Work request — Reproduce, exactly and only, the lines of the data that follows from the one containing "Pantaloncino pinocchietto con" down to the one containing "พาเลซ คอนเวนชั่น กรุงเทพฯ", without pictures.

** Source material follows **

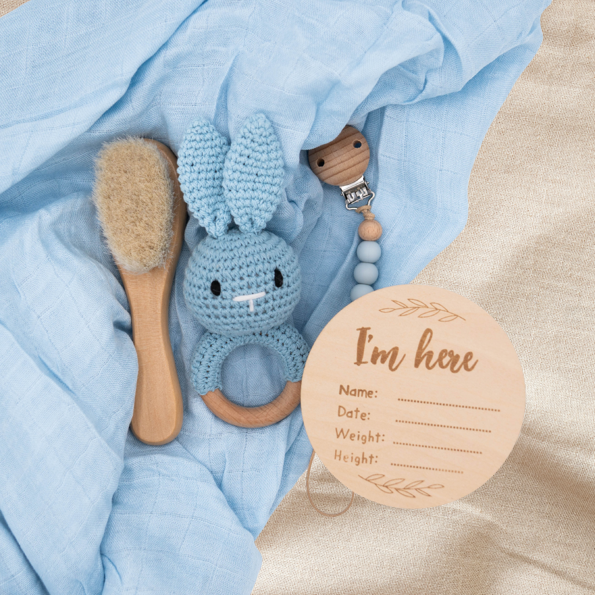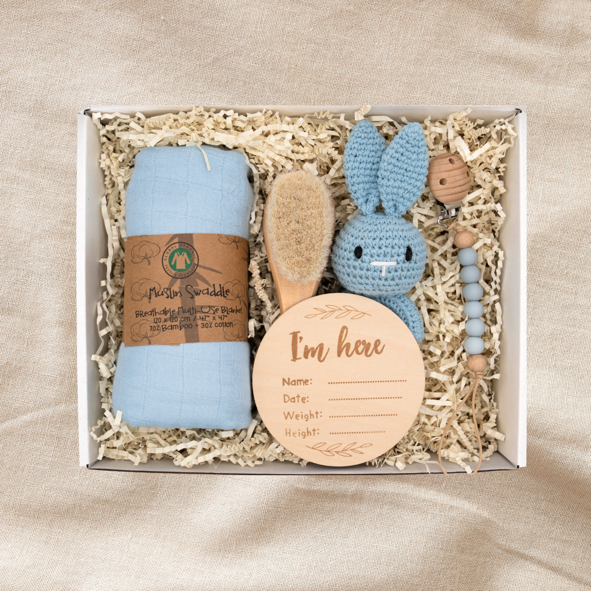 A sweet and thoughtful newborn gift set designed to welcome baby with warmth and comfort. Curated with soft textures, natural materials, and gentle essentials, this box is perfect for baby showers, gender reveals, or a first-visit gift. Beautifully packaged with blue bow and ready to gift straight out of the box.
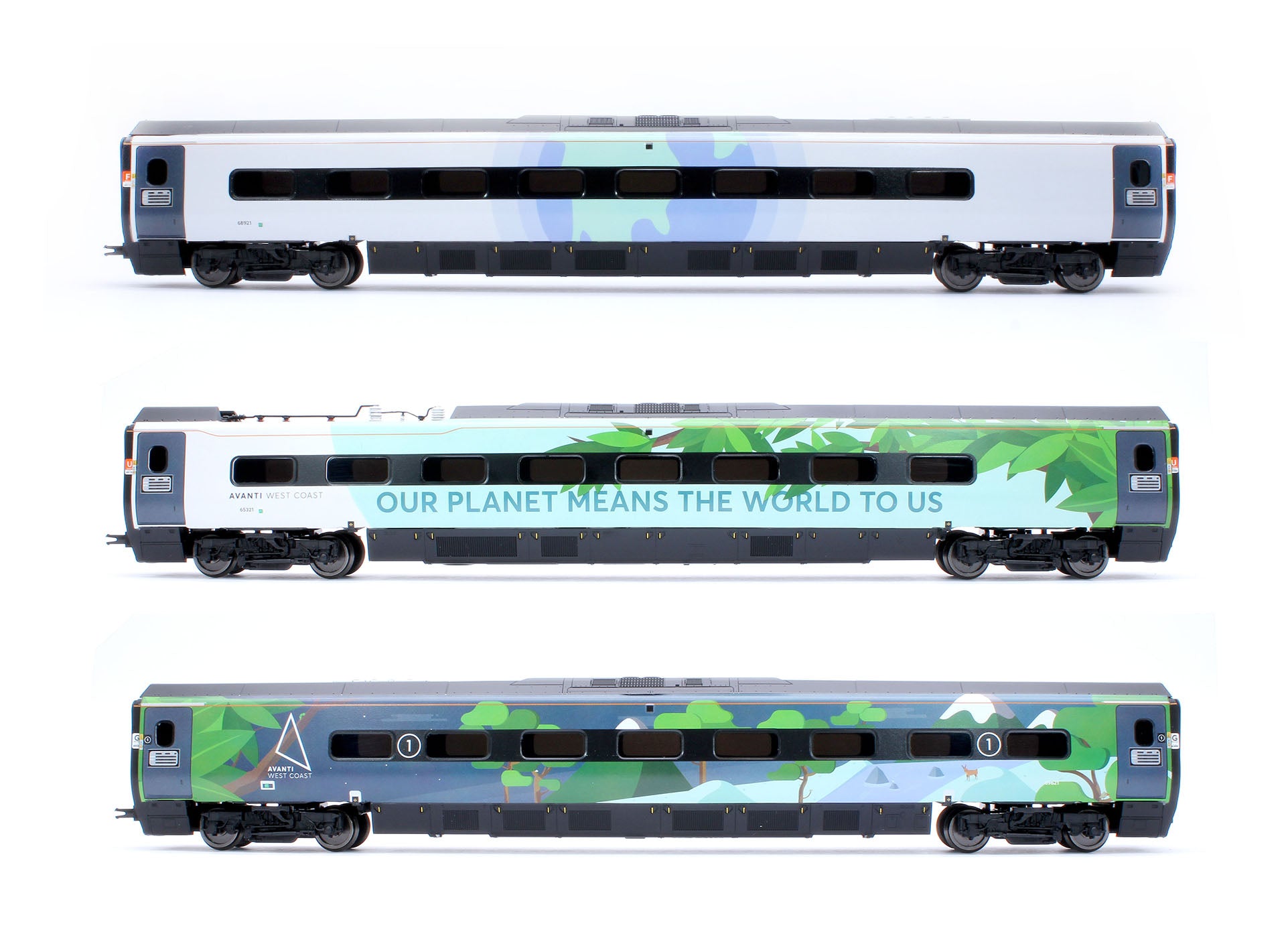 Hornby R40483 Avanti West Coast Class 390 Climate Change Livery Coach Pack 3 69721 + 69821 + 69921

** End of Source material **
** Source material follows **

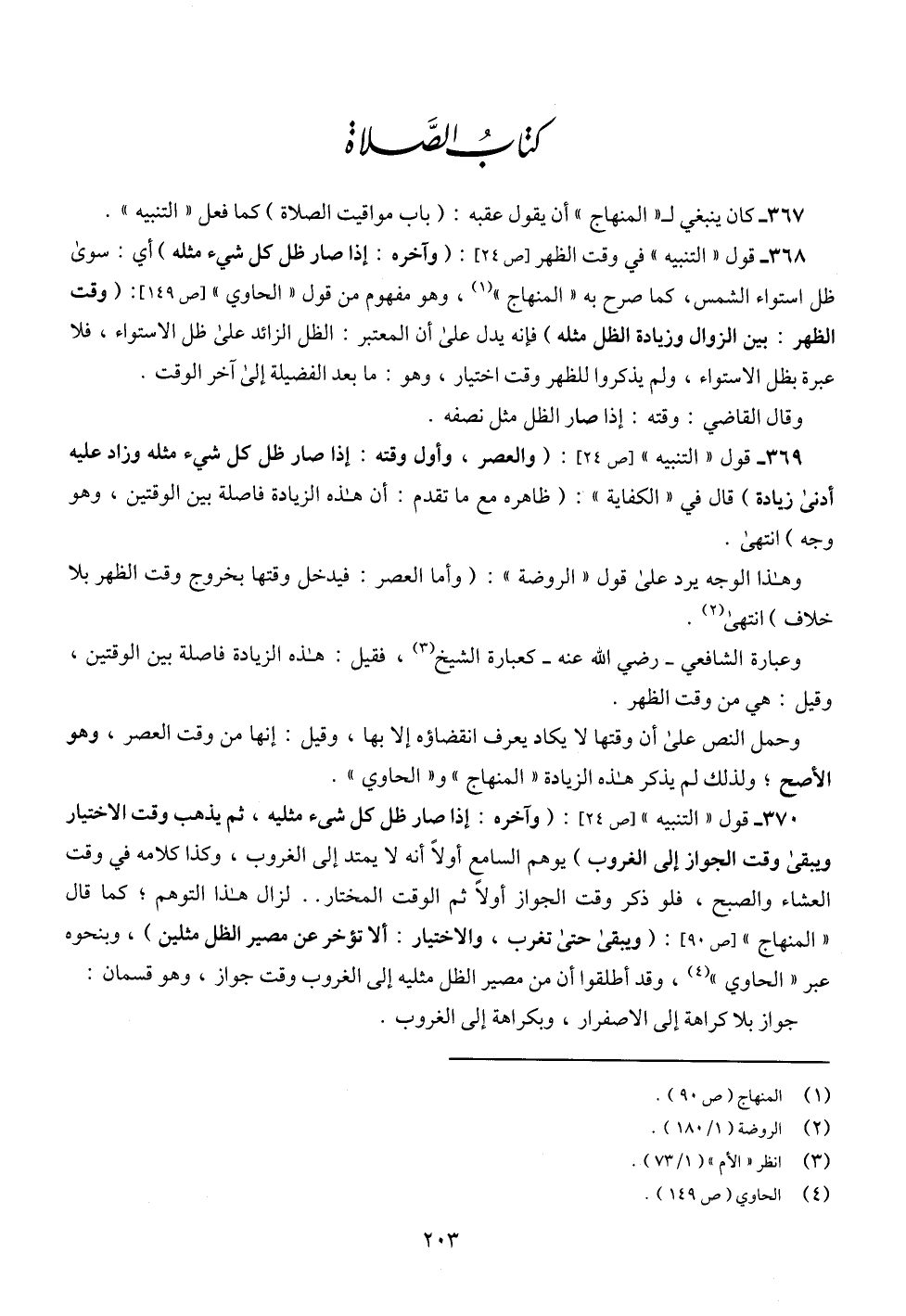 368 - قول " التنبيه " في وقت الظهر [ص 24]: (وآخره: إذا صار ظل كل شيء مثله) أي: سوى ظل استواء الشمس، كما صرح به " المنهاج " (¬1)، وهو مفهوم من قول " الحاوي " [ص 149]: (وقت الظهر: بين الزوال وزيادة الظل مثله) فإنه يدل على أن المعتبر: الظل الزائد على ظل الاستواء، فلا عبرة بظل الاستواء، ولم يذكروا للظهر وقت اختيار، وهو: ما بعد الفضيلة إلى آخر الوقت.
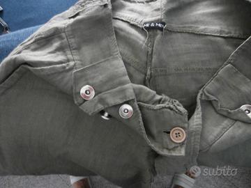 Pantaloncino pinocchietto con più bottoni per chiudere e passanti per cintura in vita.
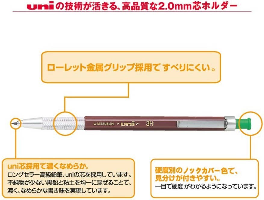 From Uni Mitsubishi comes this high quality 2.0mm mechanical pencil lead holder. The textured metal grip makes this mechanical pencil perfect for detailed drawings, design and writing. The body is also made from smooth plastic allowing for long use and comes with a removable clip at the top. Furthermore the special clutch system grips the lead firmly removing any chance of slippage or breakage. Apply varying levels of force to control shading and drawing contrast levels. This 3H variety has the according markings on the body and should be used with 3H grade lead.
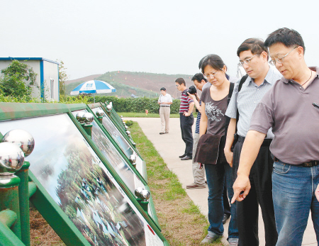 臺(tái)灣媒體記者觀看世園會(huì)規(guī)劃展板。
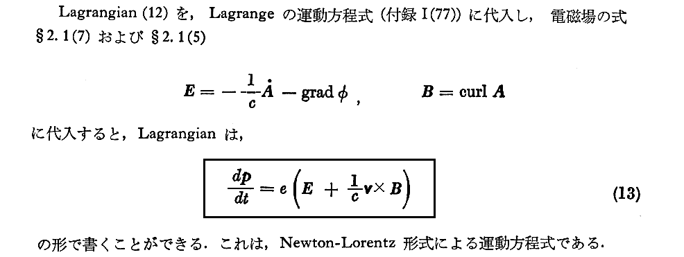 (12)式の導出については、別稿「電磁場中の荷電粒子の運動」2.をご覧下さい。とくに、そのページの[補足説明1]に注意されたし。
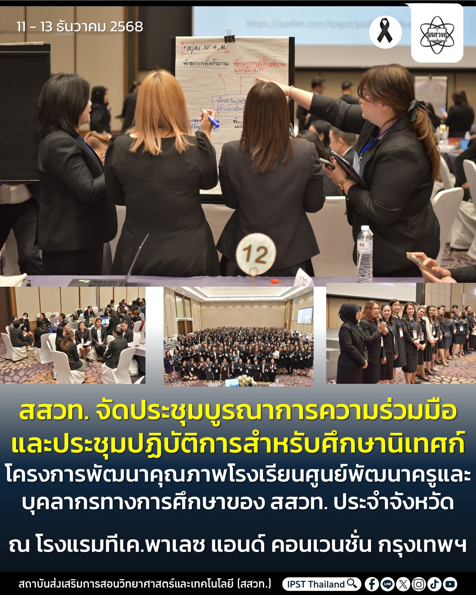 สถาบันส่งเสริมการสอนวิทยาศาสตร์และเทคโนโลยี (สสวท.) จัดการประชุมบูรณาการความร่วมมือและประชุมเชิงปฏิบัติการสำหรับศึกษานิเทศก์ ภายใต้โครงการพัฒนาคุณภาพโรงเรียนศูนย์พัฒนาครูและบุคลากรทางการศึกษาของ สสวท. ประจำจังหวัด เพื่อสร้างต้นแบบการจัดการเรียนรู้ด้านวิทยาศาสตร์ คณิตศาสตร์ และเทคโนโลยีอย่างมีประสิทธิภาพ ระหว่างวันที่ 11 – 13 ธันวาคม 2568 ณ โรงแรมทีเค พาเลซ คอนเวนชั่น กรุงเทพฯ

** End of Source material **
** Source material follows **

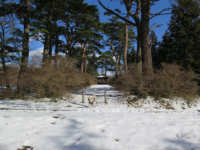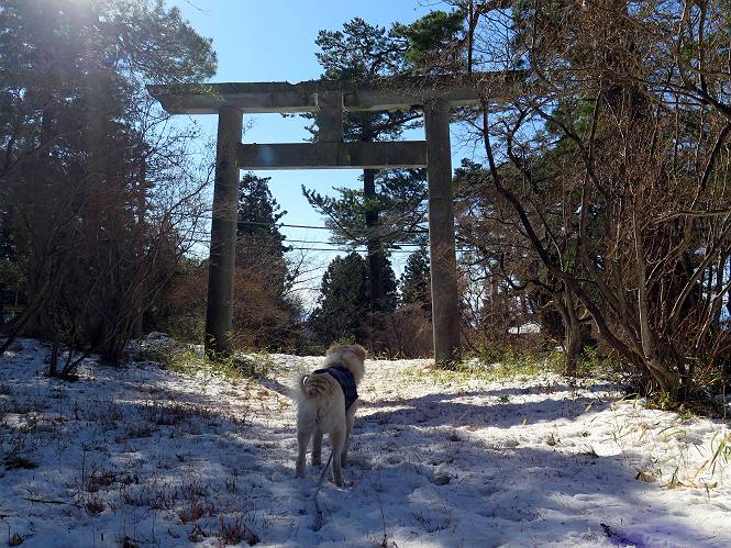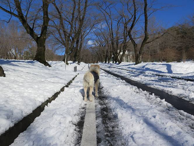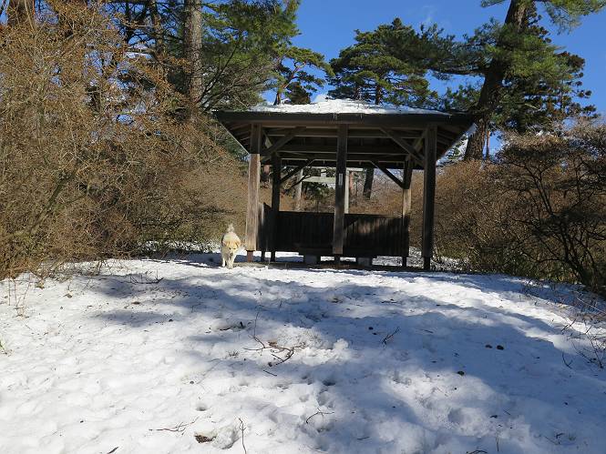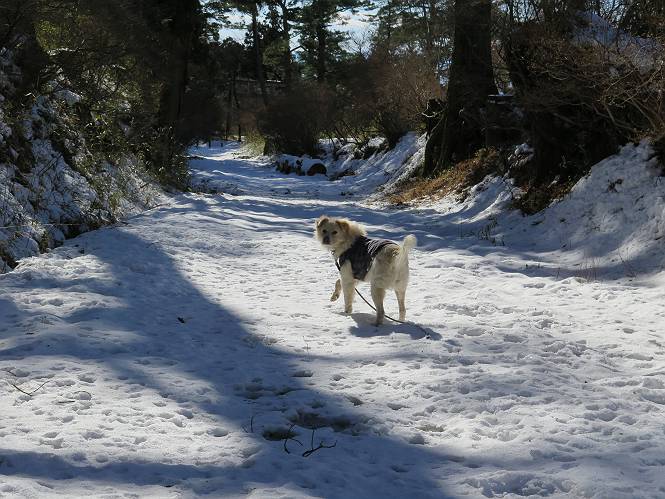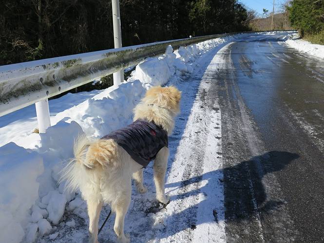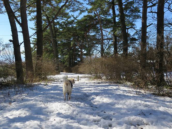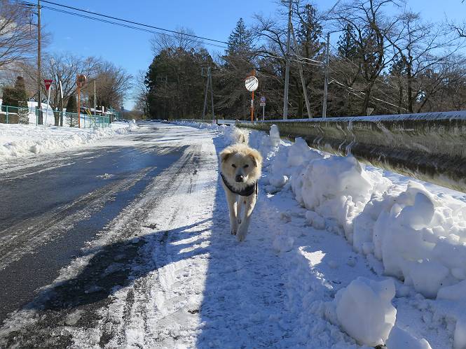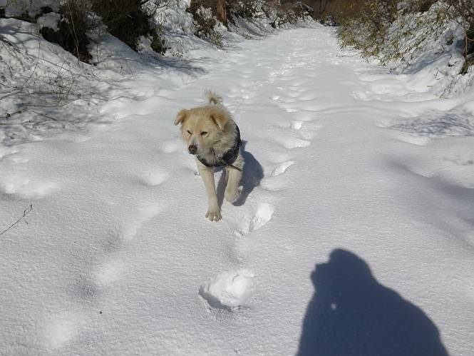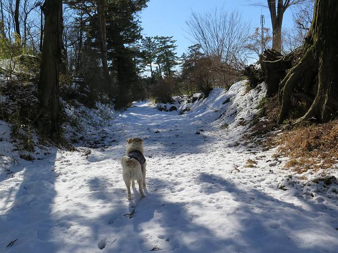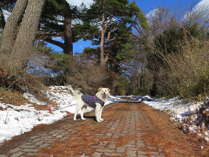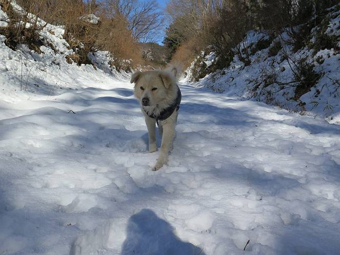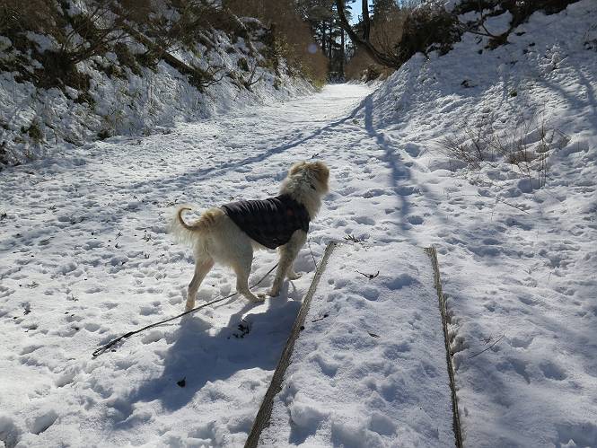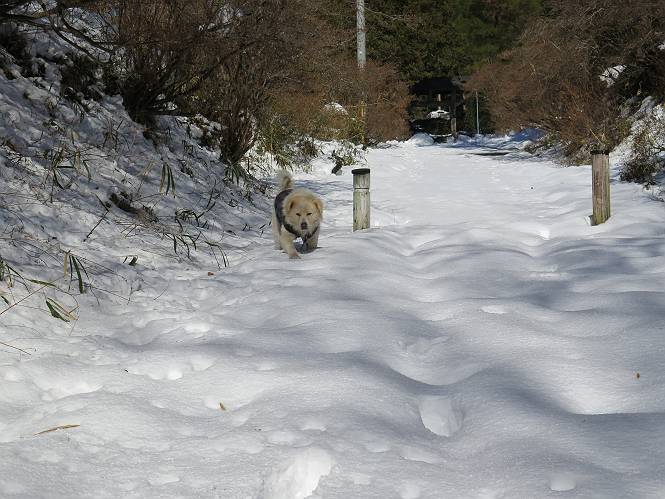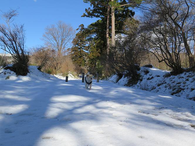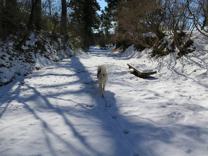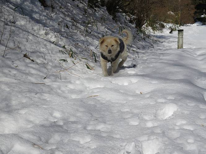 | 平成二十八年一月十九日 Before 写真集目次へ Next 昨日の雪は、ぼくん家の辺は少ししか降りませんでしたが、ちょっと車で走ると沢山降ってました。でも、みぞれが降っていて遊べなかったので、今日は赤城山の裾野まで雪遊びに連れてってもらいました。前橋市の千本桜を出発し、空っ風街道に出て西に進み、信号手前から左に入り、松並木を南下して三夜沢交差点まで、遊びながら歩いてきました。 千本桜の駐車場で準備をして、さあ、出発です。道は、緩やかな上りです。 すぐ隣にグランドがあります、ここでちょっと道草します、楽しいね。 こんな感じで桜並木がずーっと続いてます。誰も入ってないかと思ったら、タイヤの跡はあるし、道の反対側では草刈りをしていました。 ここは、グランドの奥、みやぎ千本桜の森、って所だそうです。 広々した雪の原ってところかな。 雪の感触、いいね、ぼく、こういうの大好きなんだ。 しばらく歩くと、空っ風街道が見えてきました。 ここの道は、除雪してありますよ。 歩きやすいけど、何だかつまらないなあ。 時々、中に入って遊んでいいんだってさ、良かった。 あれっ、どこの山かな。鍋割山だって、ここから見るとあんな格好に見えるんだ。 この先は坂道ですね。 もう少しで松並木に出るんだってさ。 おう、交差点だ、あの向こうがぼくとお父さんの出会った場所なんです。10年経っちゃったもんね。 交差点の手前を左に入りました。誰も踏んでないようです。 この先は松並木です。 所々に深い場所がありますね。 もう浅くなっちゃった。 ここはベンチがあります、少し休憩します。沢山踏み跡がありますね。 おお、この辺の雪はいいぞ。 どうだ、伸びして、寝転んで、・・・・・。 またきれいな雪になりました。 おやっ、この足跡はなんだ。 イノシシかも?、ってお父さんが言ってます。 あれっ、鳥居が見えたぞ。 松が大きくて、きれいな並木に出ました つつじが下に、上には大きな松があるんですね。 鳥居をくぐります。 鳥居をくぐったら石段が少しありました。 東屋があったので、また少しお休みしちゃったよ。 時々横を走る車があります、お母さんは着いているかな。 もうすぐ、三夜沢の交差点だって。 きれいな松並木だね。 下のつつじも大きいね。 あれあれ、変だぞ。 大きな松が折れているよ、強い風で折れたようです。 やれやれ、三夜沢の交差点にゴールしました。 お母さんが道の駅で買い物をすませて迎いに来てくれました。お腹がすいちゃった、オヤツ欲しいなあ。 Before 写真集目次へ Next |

** End of Source material **

Result of this exercise —
 Pantaloncino pinocchietto con più bottoni per chiudere e passanti per cintura in vita.
 From Uni Mitsubishi comes this high quality 2.0mm mechanical pencil lead holder. The textured metal grip makes this mechanical pencil perfect for detailed drawings, design and writing. The body is also made from smooth plastic allowing for long use and comes with a removable clip at the top. Furthermore the special clutch system grips the lead firmly removing any chance of slippage or breakage. Apply varying levels of force to control shading and drawing contrast levels. This 3H variety has the according markings on the body and should be used with 3H grade lead.
 臺(tái)灣媒體記者觀看世園會(huì)規(guī)劃展板。
 (12)式の導出については、別稿「電磁場中の荷電粒子の運動」2.をご覧下さい。とくに、そのページの[補足説明1]に注意されたし。
 สถาบันส่งเสริมการสอนวิทยาศาสตร์และเทคโนโลยี (สสวท.) จัดการประชุมบูรณาการความร่วมมือและประชุมเชิงปฏิบัติการสำหรับศึกษานิเทศก์ ภายใต้โครงการพัฒนาคุณภาพโรงเรียนศูนย์พัฒนาครูและบุคลากรทางการศึกษาของ สสวท. ประจำจังหวัด เพื่อสร้างต้นแบบการจัดการเรียนรู้ด้านวิทยาศาสตร์ คณิตศาสตร์ และเทคโนโลยีอย่างมีประสิทธิภาพ ระหว่างวันที่ 11 – 13 ธันวาคม 2568 ณ โรงแรมทีเค พาเลซ คอนเวนชั่น กรุงเทพฯ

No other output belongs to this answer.